IRS Sets Retirement Savings Contribution Limits for 2025 by Tony Gutierrez, CPA
Taxpayers can contribute more pre-tax dollars to their employer-sponsored retirement savings plans in 2025, but their contributions to Individual Retirement Accounts (IRAs) remain unchanged from the previous year.
Employer-Sponsored Retirement Plans
In 2025, employees may contribute up to $23,500 to a workplace 401(k), 403(b) and certain 457 plan, a $500 increase from the previous year. Plan participants ages 50 and older may continue to make an additional catch-up contribution of $7,500 to their plans, while those between the ages of 60 and 63 may, for the first time, make a super catch-up contribution of $11,250 when their plans allow. Employees have until the last day of the calendar year to contribute to their workplace retirement plans via salary deferral.
For self-employed taxpayers with solo 401(k)s, the maximum amount they may contribute to those plans in 2025 is $70,000, up from $69,000 in the prior year. This limit includes taxpayers’ elective salary deferrals and the profit-sharing contributions made by their businesses. Contributions to SIMPLE retirement accounts (also known as SIMPLE IRAs) also increase $500 in 2025 to $16,500. Business owners with Schedule C income must complete employee contributions and employer matches to their workplace plans by the April 2026 tax filing deadline.
|
2024 Limit |
2025 Limit |
401(k), 403(b) or 457 Employee Contribution Limit |
$23,000 |
$23,500 |
Catch-Up 401(k), 403(b) or 457 Contribution Limit |
$7,500 |
$7,500 |
Catch-Up Contribution Limit for Ages 60, 61, 62 & 63 |
$0 |
$11,250 |
Defined Contribution Plan and SEP Contribution Limit |
$69,000 |
$70,000 |
SIMPLE 401(k) and Simple IRA Contribution Limit |
$16,000 |
$16,500 |
Catch-Up SIMPLE 401(k) and Simple IRA Contribution Limit |
$3,500 |
$3,500 |
The maximum compensation that may be considered for benefit calculations and nondiscrimination testing in 2025 increases to $350,000, up from $345,000 in 2024. In addition, the definition of highly compensated employees (HCEs) for determining how much HCEs can contribute to their employers’ 401(k) plans increases in 2025 to $160,000, up from $155,00 in 2024.

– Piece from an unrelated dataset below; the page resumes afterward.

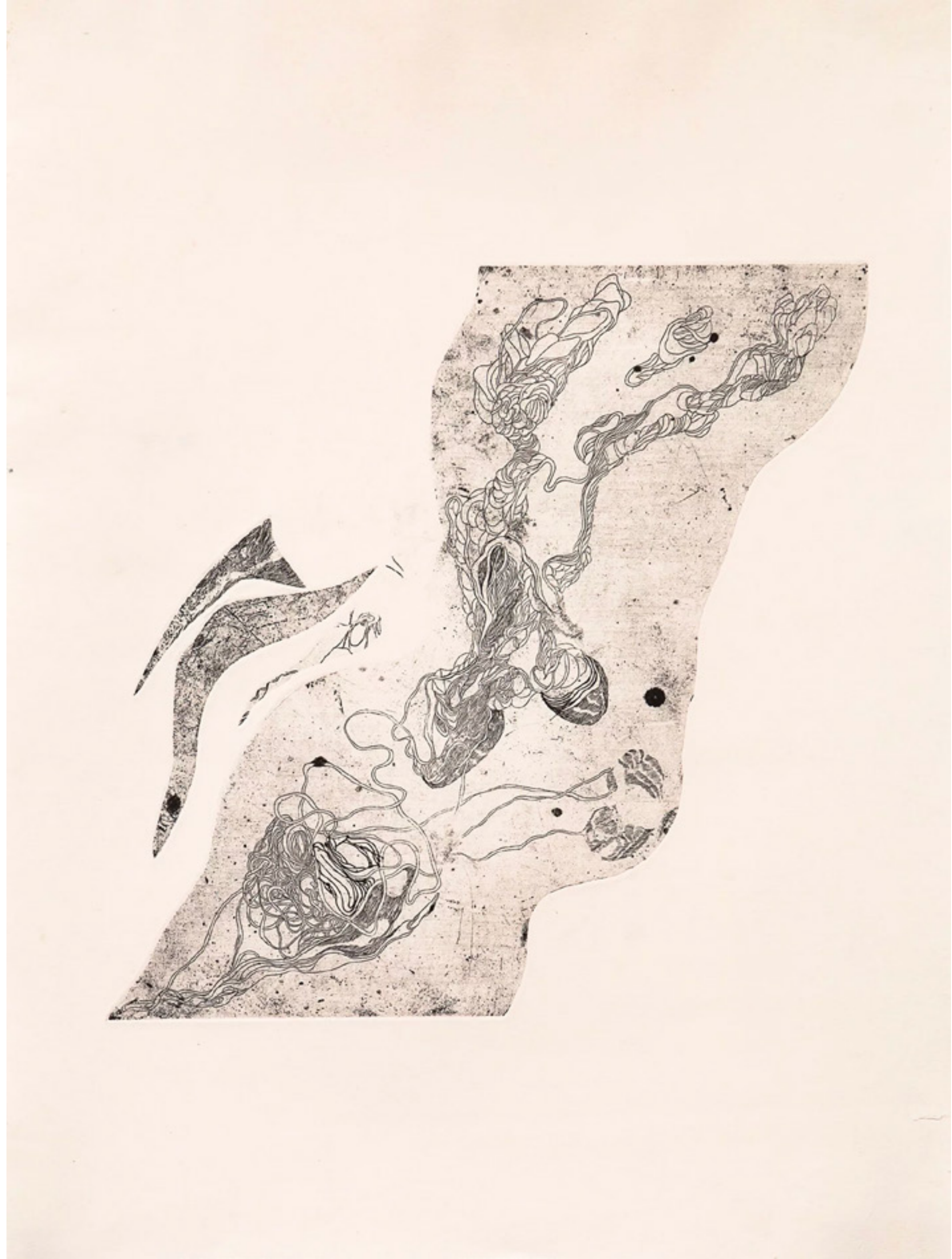
Paisaje interior / 53 x 38 cm / grabado sobre metal / 2022 Interior landscape / 53 x 38 cm / etching / 2022
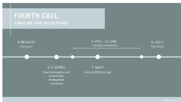
Tempistiche del quarto bando

In collaborazione con il Segretariato Congiunto di Vienna, la Regione del Veneto, quale Punto di Contatto Nazionale, organizza un incontro informativo per i potenziali beneficiari italiani.

Individual Retirement Accounts
The maximum amount individuals may contribute to their traditional IRAs and Roth IRAs in 2025 remains at $7,000. Catch-up contributions for individuals ages 50 and older also remain unchanged from the previous year at $1,000.
Traditional IRA contributions may be deductible when a workplace retirement plan covers taxpayers or their spouses. However, the deduction may be reduced or phased out entirely based on the taxpayer’s income and filing status.

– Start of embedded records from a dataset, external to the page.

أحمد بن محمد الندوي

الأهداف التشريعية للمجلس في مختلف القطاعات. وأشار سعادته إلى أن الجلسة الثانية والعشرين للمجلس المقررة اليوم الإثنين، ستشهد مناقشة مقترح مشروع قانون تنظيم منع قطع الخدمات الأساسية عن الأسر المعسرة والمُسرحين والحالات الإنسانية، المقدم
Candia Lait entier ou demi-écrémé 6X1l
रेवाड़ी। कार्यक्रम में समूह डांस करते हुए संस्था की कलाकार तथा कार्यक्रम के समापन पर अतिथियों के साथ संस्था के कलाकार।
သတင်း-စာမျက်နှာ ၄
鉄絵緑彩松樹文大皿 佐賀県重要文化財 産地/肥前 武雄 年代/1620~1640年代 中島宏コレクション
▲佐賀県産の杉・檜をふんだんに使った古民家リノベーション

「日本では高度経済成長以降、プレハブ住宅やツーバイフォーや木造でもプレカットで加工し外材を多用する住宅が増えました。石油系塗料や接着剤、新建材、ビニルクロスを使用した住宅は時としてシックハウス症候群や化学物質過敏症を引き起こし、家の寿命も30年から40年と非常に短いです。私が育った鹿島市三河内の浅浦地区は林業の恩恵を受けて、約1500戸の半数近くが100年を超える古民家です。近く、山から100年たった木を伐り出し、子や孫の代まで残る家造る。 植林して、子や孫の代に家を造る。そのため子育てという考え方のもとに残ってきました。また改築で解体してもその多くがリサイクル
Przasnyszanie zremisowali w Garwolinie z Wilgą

- For single taxpayers covered by a workplace retirement plan, the income phase-out range increases in 2025 to between $79,000 and $89,000, up from $77,000 to $87,000.
- For married couples filing joint tax returns, if the spouse making the IRA contribution is covered by a workplace retirement plan, the phase-out range increases to between $126,000 and $146,000, up from $123,000 and $143,000.
- For IRA contributors not covered by workplace retirement plans and are married to someone covered, the income phase-out range increases to between $236,000 and $246,000, up from $230,000 to $240,000.
- For married individuals filing separate returns covered by a workplace retirement plan, the phase-out range is not subject to an annual cost-of-living adjustment and remains between $0 and $10,000.
The IRS also increases the maximum income limits individuals must meet to be eligible to contribute to a Roth IRA in 2024, based on their income and filing status.
- Singles and heads of household who earn up to $165,000 in 2025 may contribute to a Roth IRA, although the maximum contribution will begin to phase out when income reaches $150,000.
- For married couples filing joint tax returns, the phase-out range increases to between $236,000 and $246,000, a $6,000 increase from the previous year.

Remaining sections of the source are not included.